— Зачем мужику женские украшения? — спросил Волков-Сухоруков.
— Он гей, — пояснил Георгий. — Падок на всякие цацки и брюлики. Да и Жанка жадна до предела. Они оба могли заманить Аллу Борисовну в грот и там прикончить. Мотив ясен. Давайте решать, господа сыщики, что будем теперь делать?
— Итак, — подытожил Волков-Сухоруков. — В наличии у нас пять главных подозреваемых: Бижуцкий, Стоячий, Олжас и парочка ассистентов. Что-то уж больно много. Но это лучше, чем ни одного.
— С меня подозрения уже сняты? — спросил Левонидзе.
— Не торопитесь, — взглянул на него следователь ФСБ и начал раскуривать трубку. — Я еще ничего не решил. Но прежде всего мне нужно допросить главных обвиняемых. Где это можно сделать, доктор, чтобы никто не мешал?
— В оранжерее, — подумав, ответил я. — Но только в моем присутствии.
— Я вам их сейчас туда приведу, — добавил Георгий.

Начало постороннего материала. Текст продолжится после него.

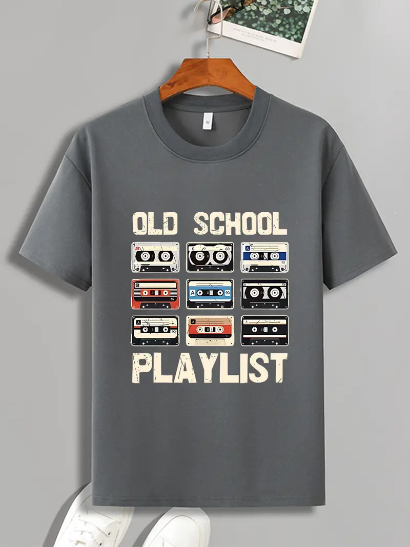 T-Shirt mit Old School Playlist-Aufdruck (grau)

Левонидзе запускал в оранжерею подозреваемых по очереди. Вот только Олжаса нигде не могли найти. Наверное, опять поперся к цыганам. Там продолжалась дикая оргия, праздник жизни, какофония чувств, словно музыкальное оформление к происходящим в клинике событиям. После допросов я решил непременно побывать в таборе…
Первыми сломались мои ассистенты. Перед неопровержимыми уликами, когда Волков-Сухоруков устроил им очную ставку и перекрестный допрос, предъявил часики, бусы и серьги, они пустили явно фальшивую слезу и признались. Но не в убийстве Аллы Борисовны Ползунковой, а в том, что действительно были в гроте, гуляли, заглянули, зашли. Увидели страшную картину преступления. Испугались. Но вот кто из них первым предложил обобрать труп? — этого не могли сказать, не вспомнили. Виноваты, соблазнились дорогими украшениями. И снова ненатурально заплакали.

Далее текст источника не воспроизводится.